すっかり仕事に集中してしまって、投稿時間過ぎてました。すみません。


<前話のあらすじ>

”OneYearWar”というゲームの大会に偽名でエントリーを試みたルナ。

だが、誰かがルナ小林の名前でエントリーしていたのだった。

無事エントリーが終わり、大会が始まった。

まず第1戦では、以前ルナと共闘していた少年が戦場に出撃したのだった。


 

 少年の機体は戦闘宙域よりもはるかに高高度に位置していた。


 索敵範囲3000kmの中距離重力子レーダーを持つ機体は優先的に破壊されていた。


 中距離重力子レーダーがなくなってから少年は自身の戦闘機を徐々に戦闘宙域に近づけつつも、1500kmほどの距離は保っていた。

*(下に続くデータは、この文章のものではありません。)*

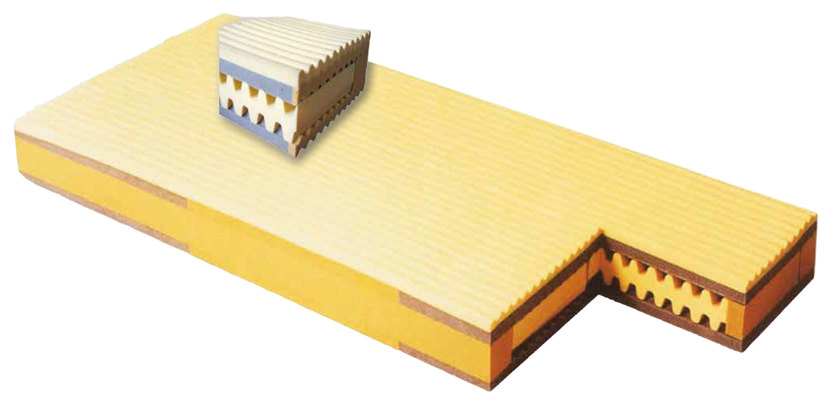 Die beidseitig wellenförmig geschnittene viscoelastische Oberfläche sorgt für eine gleichmässige Druckverteilung und hervorragende Anpassungsfähigkeit.

 少年機は通常のレーダー索敵範囲1000kmを高度側で越えていたため、レーダーにも引っ掛からず、爆発が徐々に激しさを増す敵陣を上から見下ろす形になっていた。


 少年の機体に通信が入る。


「前方中型戦艦の防衛メタリックステラを排除せよ!!」


 その声に合わせ、ルナは少年から声を聞いた。


(今だ!)


 ルナが言った。


「うん。いいタイミング!」


 ルナの言葉とほぼ同時に、突如少年の機体が地球に向けて降下し始めた。


 ルナがその様子を見ていた。


「いけ!!」


 ソルとりょーたろは一瞬ルナを見た。ルナがなぜ少年が突っ込むと分かったのか、不思議だった。


 少年の機体は地球の重力も借り、加速しつつ、一気に敵陣の中央部に対してほぼ真上から距離を縮めていく。

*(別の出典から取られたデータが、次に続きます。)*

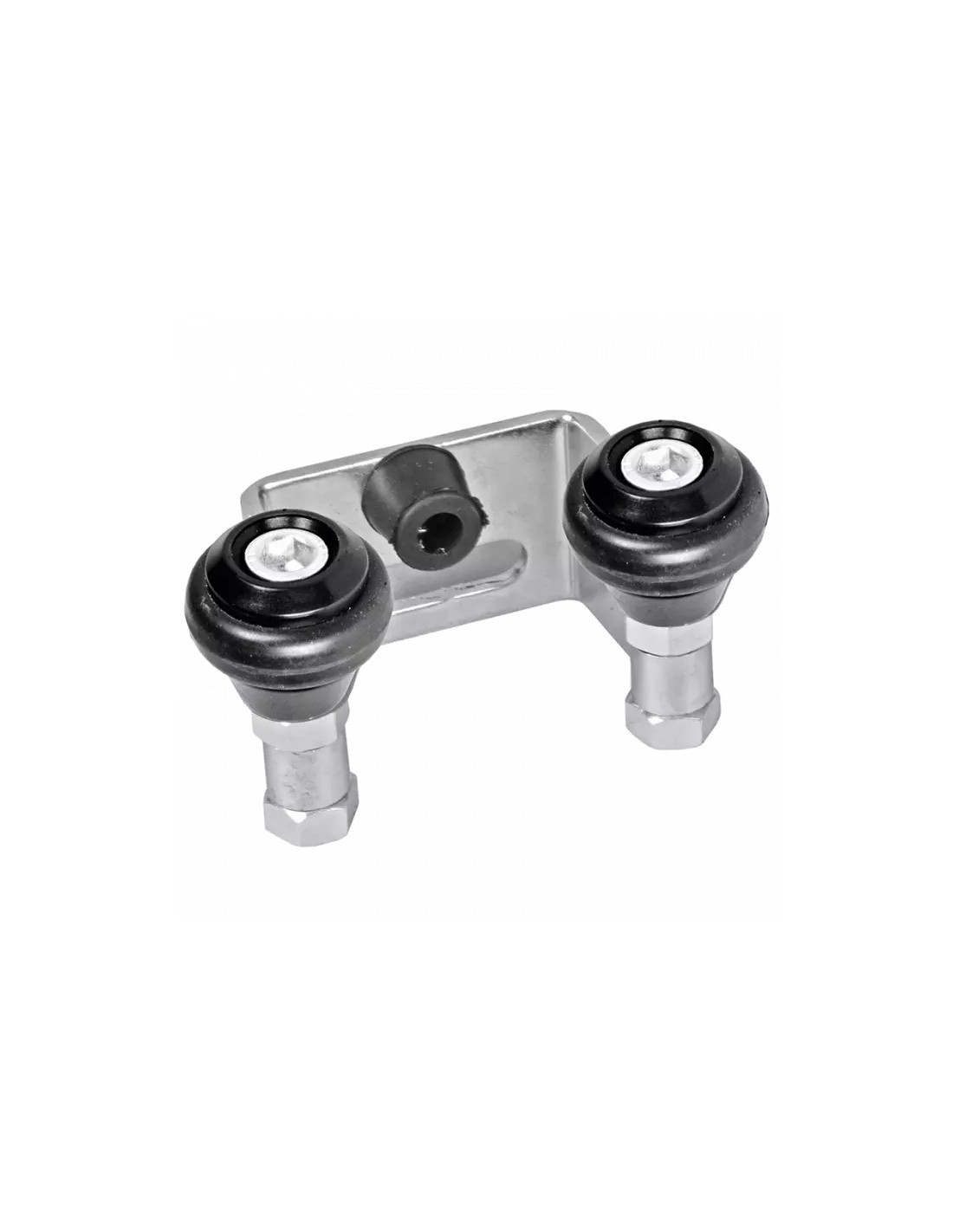 Uchwyt górny do bram przesuwnych samonośnych i szynowych, który stabilizuje je po zamknięciu uniemożliwiając ruchy boczne. Uchwyt posiada gumowane rolki zmniejszające hałas podczas zamykania bramy, a także gumowy odbój. Rozstaw między rolkami wynosi 60 mm. Produkt ocynkowany.

 少年機に気づかず、敵陣営は前方に対して、ミサイルやイオンビームを発射し続けていた。


 少年の機体が敵陣に対して距離1000kmを切ったところで敵陣レーダーに反応が現れた。


「11、03(ひとひと、まるさん)より敵機、急接近。数いち。」


「この速度。。。RedDevilか!?」


「上部イオン中和フィールド展開、急げ!」


「砲台回せ!!」


 少年の目が若干赤く染まる。それと同時に少年機の一部からわずかに虹色の光が放たれ始めた。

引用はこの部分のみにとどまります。